> [Aim of the exercise]: Return only what runs from the line containing "Dengan 6 bilik" through the last line of the entries below, exactly, omitting pictures.

Segment Start: Material shown

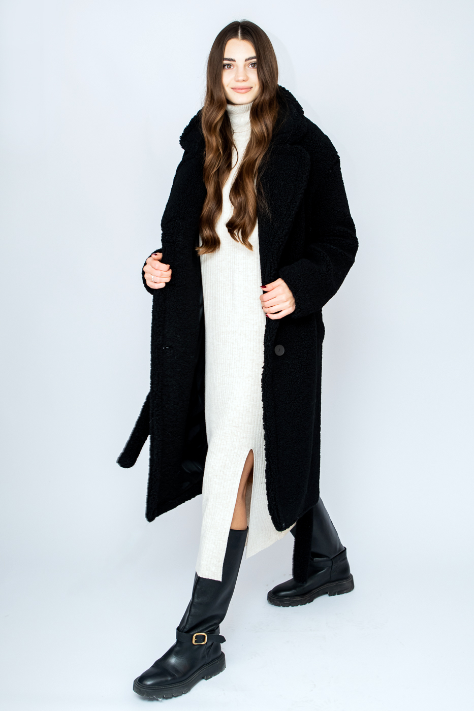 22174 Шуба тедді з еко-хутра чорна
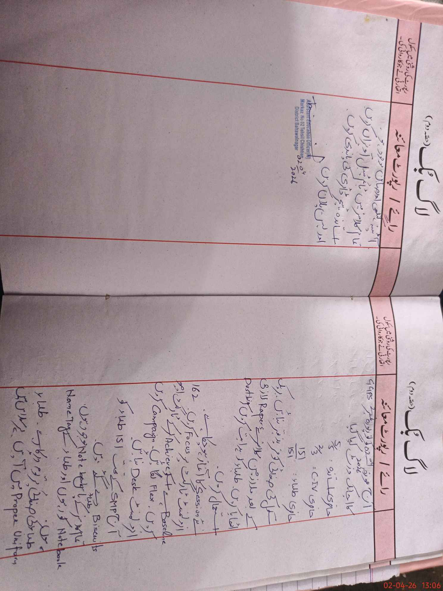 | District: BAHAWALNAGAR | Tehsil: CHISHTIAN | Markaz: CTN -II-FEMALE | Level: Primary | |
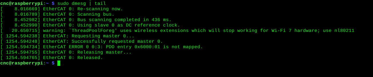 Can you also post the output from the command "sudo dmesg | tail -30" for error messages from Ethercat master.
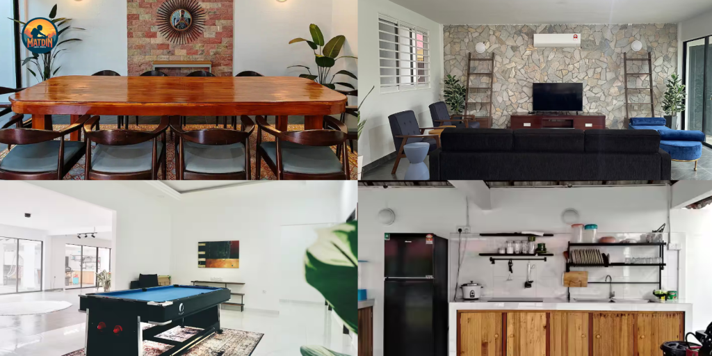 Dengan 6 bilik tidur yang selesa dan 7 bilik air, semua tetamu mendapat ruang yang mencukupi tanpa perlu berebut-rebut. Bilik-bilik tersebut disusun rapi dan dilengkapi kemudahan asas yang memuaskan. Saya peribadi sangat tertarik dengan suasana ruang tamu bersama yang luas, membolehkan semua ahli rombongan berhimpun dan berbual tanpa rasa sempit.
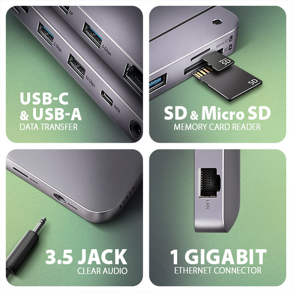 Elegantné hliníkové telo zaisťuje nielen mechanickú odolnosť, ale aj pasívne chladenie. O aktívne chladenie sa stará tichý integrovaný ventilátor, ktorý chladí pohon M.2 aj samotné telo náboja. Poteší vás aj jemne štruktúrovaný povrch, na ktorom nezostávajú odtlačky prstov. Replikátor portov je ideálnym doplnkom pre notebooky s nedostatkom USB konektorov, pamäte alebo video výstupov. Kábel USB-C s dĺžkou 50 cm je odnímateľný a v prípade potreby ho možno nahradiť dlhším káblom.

Segment End: Material shown

> [Solution]:
 Dengan 6 bilik tidur yang selesa dan 7 bilik air, semua tetamu mendapat ruang yang mencukupi tanpa perlu berebut-rebut. Bilik-bilik tersebut disusun rapi dan dilengkapi kemudahan asas yang memuaskan. Saya peribadi sangat tertarik dengan suasana ruang tamu bersama yang luas, membolehkan semua ahli rombongan berhimpun dan berbual tanpa rasa sempit.
 Elegantné hliníkové telo zaisťuje nielen mechanickú odolnosť, ale aj pasívne chladenie. O aktívne chladenie sa stará tichý integrovaný ventilátor, ktorý chladí pohon M.2 aj samotné telo náboja. Poteší vás aj jemne štruktúrovaný povrch, na ktorom nezostávajú odtlačky prstov. Replikátor portov je ideálnym doplnkom pre notebooky s nedostatkom USB konektorov, pamäte alebo video výstupov. Kábel USB-C s dĺžkou 50 cm je odnímateľný a v prípade potreby ho možno nahradiť dlhším káblom.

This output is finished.